With the pictures left out, write out exactly the lines of the listing below that run from the line with "Winzige Türendie linke" through the line with "工装优选美式休闲立领90白鸭绒羽绒服户外防风面包服保暖外套男冬".

══ DATA ══

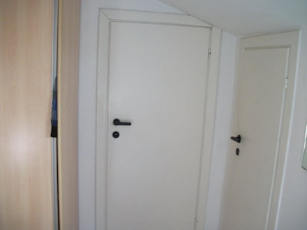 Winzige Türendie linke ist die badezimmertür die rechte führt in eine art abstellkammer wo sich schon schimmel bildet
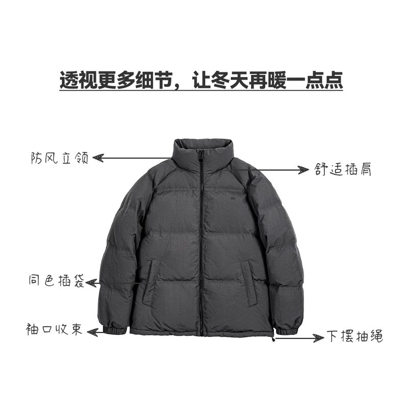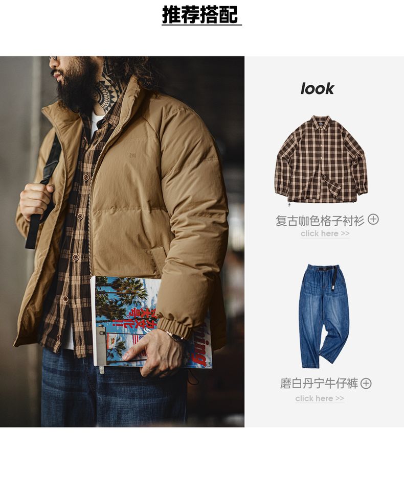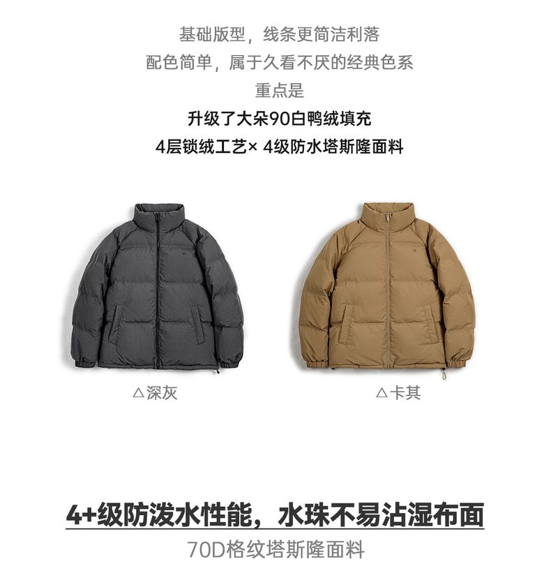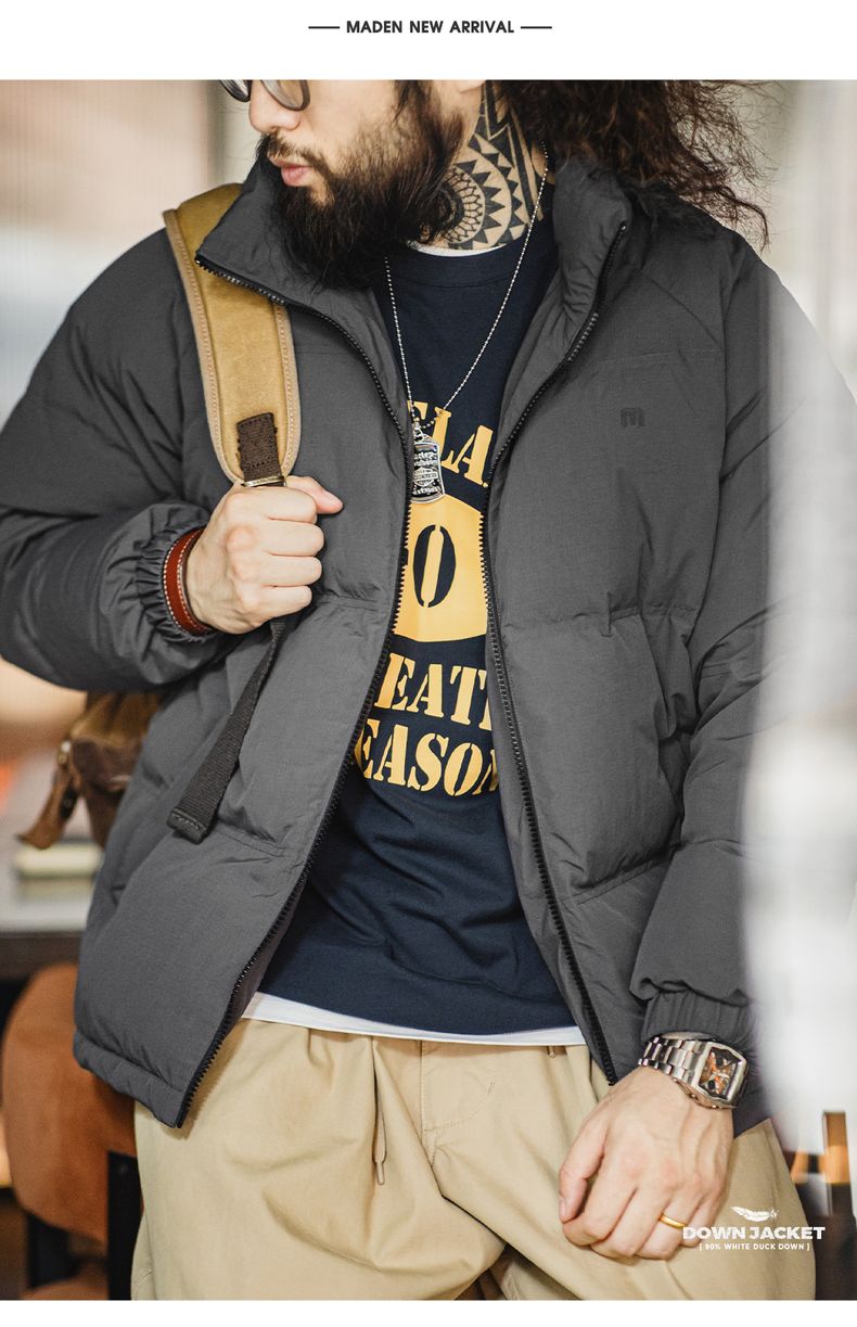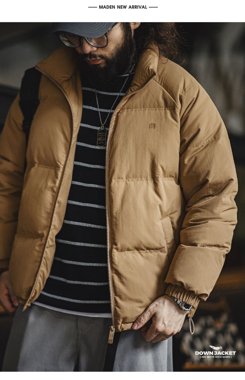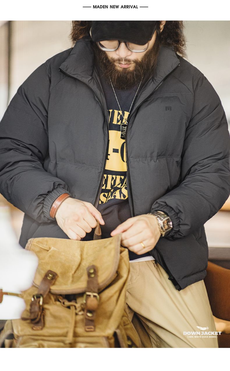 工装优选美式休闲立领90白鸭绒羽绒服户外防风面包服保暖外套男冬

═══
══ DATA ══

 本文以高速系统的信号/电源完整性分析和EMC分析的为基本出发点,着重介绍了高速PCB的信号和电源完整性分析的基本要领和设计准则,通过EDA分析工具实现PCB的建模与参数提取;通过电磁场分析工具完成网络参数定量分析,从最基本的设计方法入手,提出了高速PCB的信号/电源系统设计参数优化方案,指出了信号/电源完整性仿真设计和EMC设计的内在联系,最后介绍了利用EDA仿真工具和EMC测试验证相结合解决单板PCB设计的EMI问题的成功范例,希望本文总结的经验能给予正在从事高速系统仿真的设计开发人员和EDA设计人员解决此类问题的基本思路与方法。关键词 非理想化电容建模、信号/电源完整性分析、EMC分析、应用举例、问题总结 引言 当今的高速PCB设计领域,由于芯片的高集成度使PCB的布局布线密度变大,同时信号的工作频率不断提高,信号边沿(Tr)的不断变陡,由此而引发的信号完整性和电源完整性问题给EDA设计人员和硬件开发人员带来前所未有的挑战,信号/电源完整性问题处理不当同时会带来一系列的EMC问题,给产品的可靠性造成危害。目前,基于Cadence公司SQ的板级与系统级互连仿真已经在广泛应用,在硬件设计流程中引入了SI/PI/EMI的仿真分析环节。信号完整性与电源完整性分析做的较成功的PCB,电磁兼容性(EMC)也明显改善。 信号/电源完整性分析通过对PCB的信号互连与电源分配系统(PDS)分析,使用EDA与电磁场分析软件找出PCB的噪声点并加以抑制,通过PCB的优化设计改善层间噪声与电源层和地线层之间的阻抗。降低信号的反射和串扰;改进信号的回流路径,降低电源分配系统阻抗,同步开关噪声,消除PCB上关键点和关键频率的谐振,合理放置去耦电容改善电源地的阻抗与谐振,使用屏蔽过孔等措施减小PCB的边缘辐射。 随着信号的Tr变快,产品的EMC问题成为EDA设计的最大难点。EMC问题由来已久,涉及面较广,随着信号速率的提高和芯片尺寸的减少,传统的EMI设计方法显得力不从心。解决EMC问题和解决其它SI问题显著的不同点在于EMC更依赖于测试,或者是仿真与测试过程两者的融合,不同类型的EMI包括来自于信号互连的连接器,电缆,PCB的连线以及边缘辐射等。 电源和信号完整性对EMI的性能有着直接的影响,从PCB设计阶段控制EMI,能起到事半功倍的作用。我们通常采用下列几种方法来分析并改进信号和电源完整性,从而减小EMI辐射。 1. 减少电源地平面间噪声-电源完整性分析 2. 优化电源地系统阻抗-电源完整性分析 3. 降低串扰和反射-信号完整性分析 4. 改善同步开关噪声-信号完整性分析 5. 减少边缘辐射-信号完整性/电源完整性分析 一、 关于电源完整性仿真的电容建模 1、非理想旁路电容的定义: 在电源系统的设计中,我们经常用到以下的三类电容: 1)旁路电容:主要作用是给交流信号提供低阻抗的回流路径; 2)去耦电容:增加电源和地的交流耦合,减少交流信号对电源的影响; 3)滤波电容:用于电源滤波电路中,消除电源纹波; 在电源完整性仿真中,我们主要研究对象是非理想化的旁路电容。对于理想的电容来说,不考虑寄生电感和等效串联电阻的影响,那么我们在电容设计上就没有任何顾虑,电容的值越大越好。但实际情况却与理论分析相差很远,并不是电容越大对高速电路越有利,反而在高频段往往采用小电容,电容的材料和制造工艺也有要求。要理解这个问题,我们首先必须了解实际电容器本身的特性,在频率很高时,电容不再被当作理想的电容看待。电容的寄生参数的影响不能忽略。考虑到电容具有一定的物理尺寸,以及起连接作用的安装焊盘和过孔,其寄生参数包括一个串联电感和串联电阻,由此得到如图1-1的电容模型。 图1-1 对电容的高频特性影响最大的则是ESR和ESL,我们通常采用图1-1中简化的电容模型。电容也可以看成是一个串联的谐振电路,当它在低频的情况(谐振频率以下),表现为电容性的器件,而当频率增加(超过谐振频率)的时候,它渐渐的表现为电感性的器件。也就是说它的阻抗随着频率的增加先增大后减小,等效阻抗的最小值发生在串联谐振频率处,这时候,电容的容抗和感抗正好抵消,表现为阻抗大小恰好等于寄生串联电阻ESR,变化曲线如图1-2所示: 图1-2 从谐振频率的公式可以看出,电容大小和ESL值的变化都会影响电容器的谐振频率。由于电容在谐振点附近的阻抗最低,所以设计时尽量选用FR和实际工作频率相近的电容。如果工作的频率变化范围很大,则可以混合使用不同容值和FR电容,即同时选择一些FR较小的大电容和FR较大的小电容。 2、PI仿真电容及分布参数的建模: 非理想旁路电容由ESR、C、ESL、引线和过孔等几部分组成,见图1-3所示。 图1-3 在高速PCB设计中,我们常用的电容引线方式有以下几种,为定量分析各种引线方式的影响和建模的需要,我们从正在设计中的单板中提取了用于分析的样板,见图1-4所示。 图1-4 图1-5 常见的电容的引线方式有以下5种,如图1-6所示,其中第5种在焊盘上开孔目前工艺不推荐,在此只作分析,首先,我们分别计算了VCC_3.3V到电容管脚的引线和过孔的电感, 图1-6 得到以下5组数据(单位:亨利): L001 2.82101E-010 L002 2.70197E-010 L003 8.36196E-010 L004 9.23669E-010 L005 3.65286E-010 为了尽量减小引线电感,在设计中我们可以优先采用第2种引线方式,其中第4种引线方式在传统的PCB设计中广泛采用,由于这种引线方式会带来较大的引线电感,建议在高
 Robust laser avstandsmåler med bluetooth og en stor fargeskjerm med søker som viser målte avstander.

═══
══ DATA ══

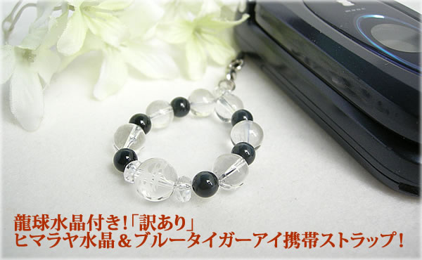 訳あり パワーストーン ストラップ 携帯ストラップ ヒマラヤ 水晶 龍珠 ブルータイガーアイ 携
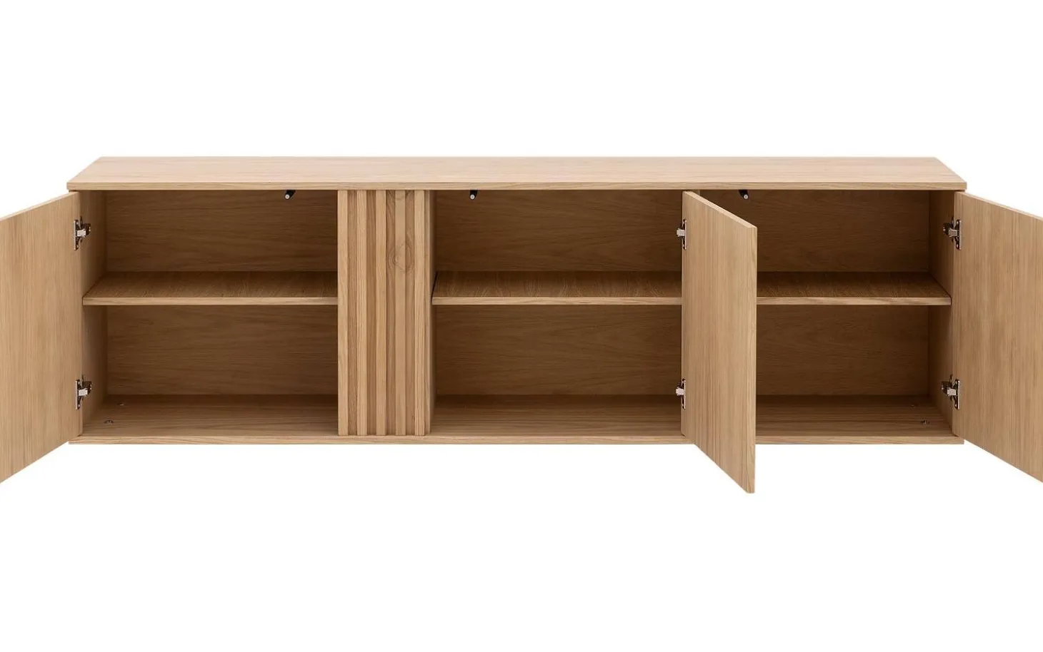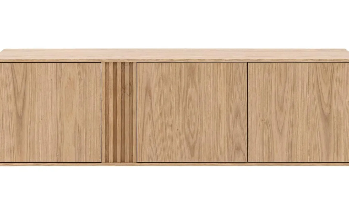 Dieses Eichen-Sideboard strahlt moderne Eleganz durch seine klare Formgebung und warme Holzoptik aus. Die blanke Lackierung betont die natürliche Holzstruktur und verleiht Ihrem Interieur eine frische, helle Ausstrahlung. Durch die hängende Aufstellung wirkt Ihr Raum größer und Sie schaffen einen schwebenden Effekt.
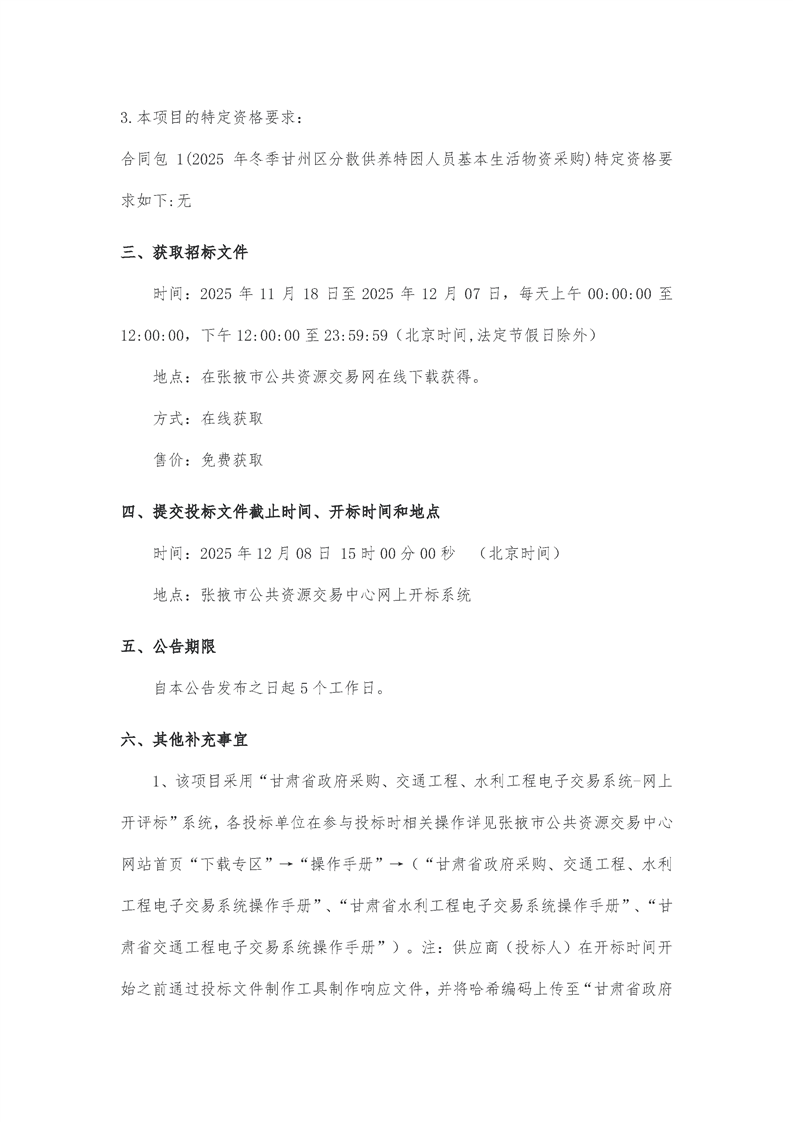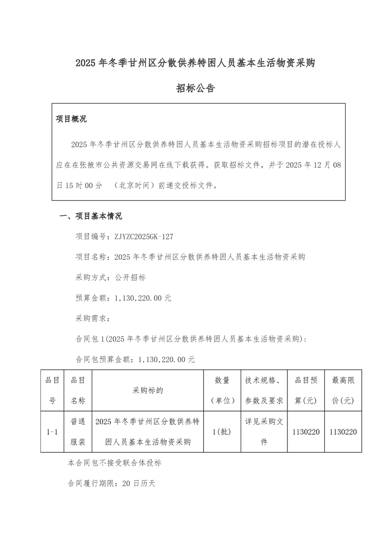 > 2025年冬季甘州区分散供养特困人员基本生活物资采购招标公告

═══

*OUTPUT:*
 Winzige Türendie linke ist die badezimmertür die rechte führt in eine art abstellkammer wo sich schon schimmel bildet
 工装优选美式休闲立领90白鸭绒羽绒服户外防风面包服保暖外套男冬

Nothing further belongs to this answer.